Overview
Modern Computer Vision with PyTorch is your hands-on guide to mastering computer vision techniques using PyTorch 2.x. From understanding neural networks to implementing real-world solutions with cutting-edge models like CLIP and Stable Diffusion, this book offers practical approaches to solve a variety of computer vision problems such as object detection, segmentation, and automated image generation.
What this Book will help me do
- Master neural network basics and build deep learning models using PyTorch, enhancing your coding and deep learning workflow.
- Efficiently solve real-world problems including facial recognition, object detection, and human pose estimation through practical examples.

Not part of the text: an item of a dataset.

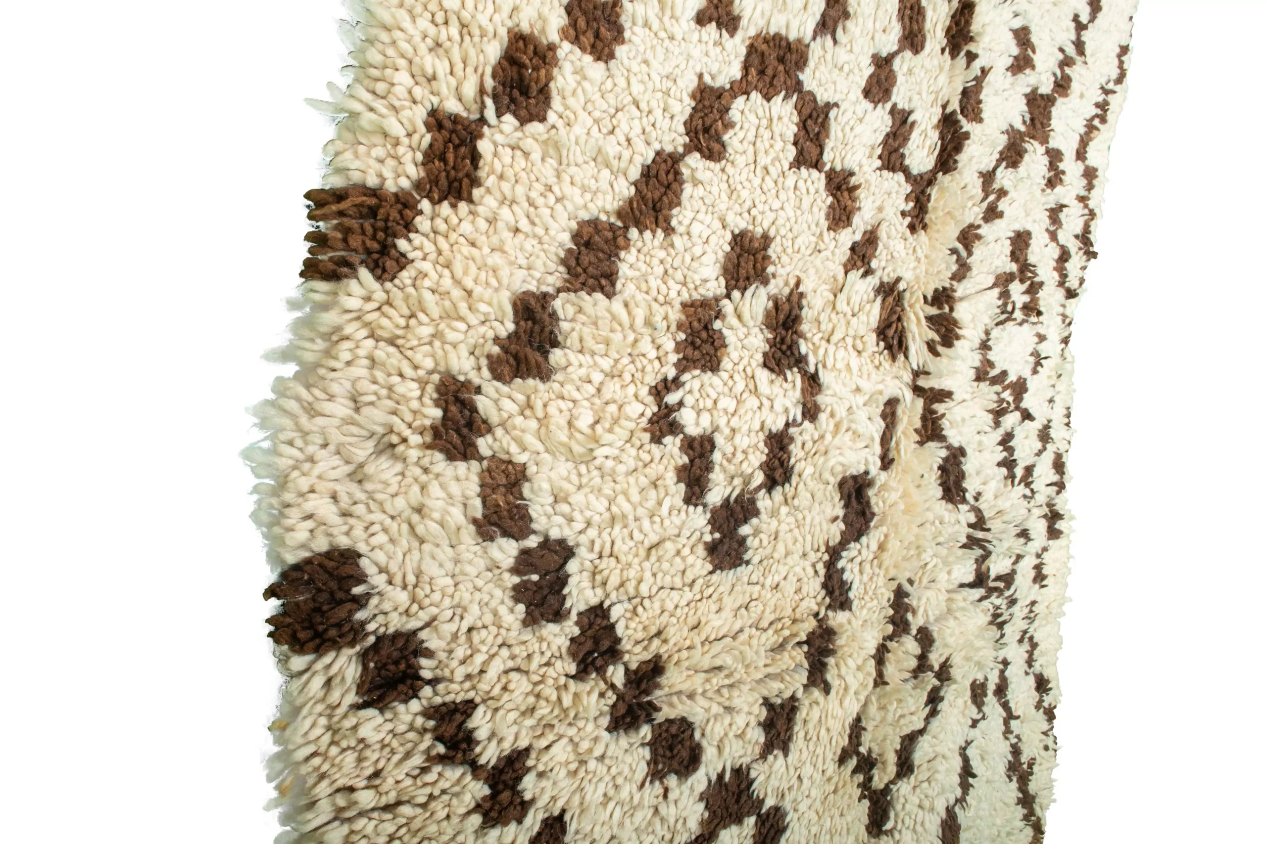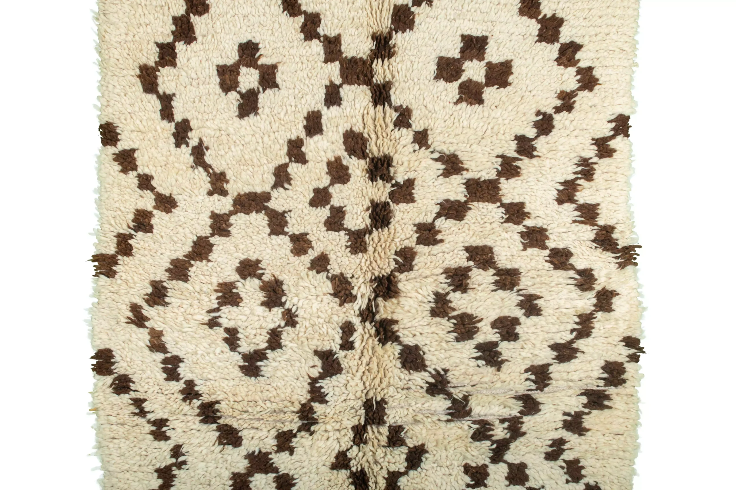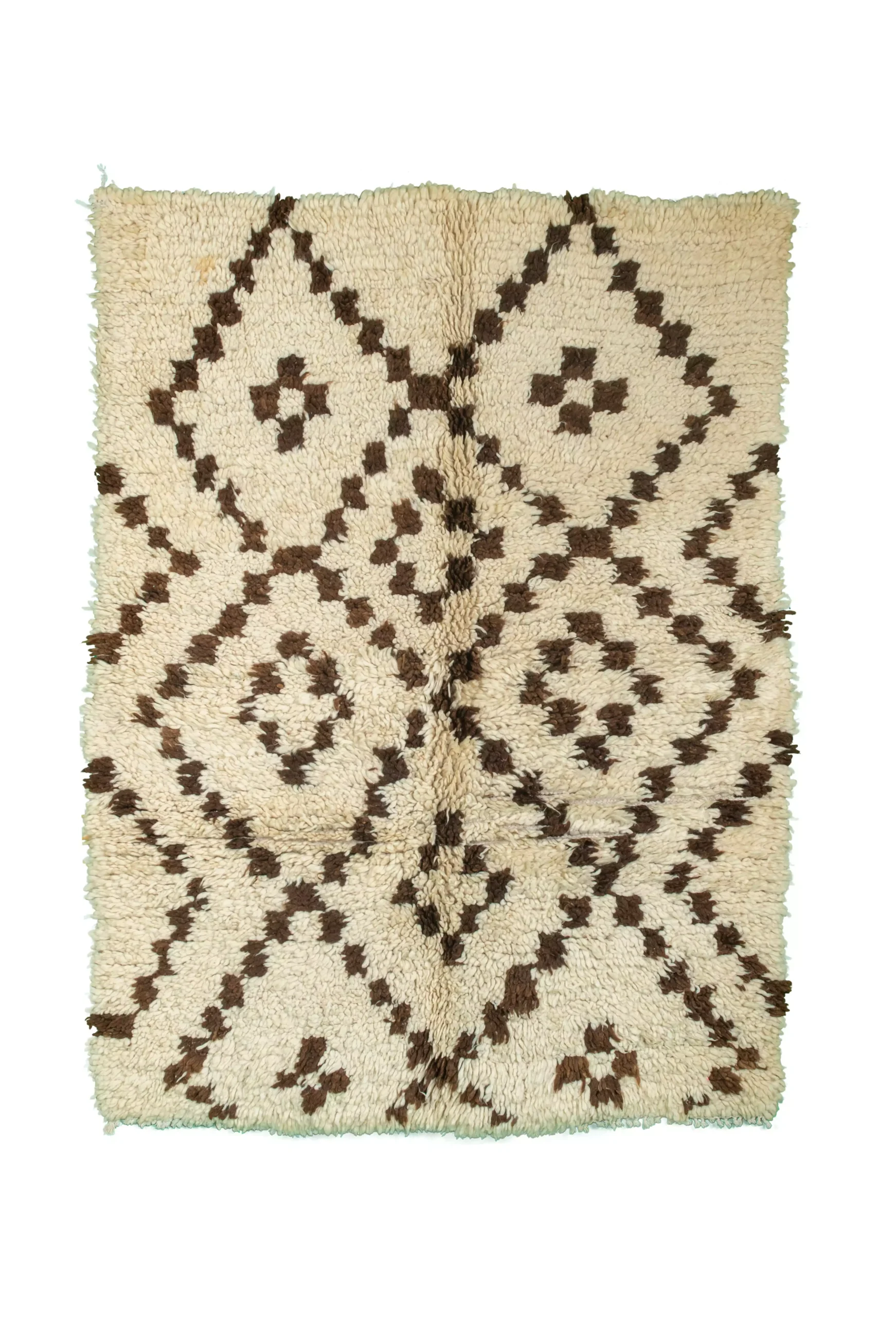 リビングルームやベッドルーム、書斎に置いても、このWhite Squares Vintage Boucherouite Rugは空間に静けさと上品さをもたらします。ニュートラルな色調なので、既存の家具やインテリアとコーディネートしやすく、ソフトな肌触りで足元は心地よく快適です。

- Leverage advanced architectures like transformers and diffusion models for novel generative AI applications.
- Integrate computer vision with NLP and reinforcement learning for comprehensive AI applications.
- Gain confidence in deploying machine learning models to production environments with real-world deployment tactics.
Author(s)
V Kishore Ayyadevara and Yeshwanth Reddy bring years of experience in deep learning and computer vision to this book. Kishore has an extensive academic and industry background in AI and big data solutions, and Yeshwanth is a practiced machine learning engineer specializing in model development and production deployment. Together, they offer a balanced approach to teaching computer vision with pragmatic and clear explanations.
Who is it for?
This book is ideal for beginners in PyTorch or those with basic experience in Python programming seeking to enter the field of computer vision. It also caters to intermediate data scientists and machine learning practitioners looking to enhance their skills in deep learning and computer vision. If you aim to implement real-world CV solutions or wish to advance your understanding of state-of-the-art models, this book is for you.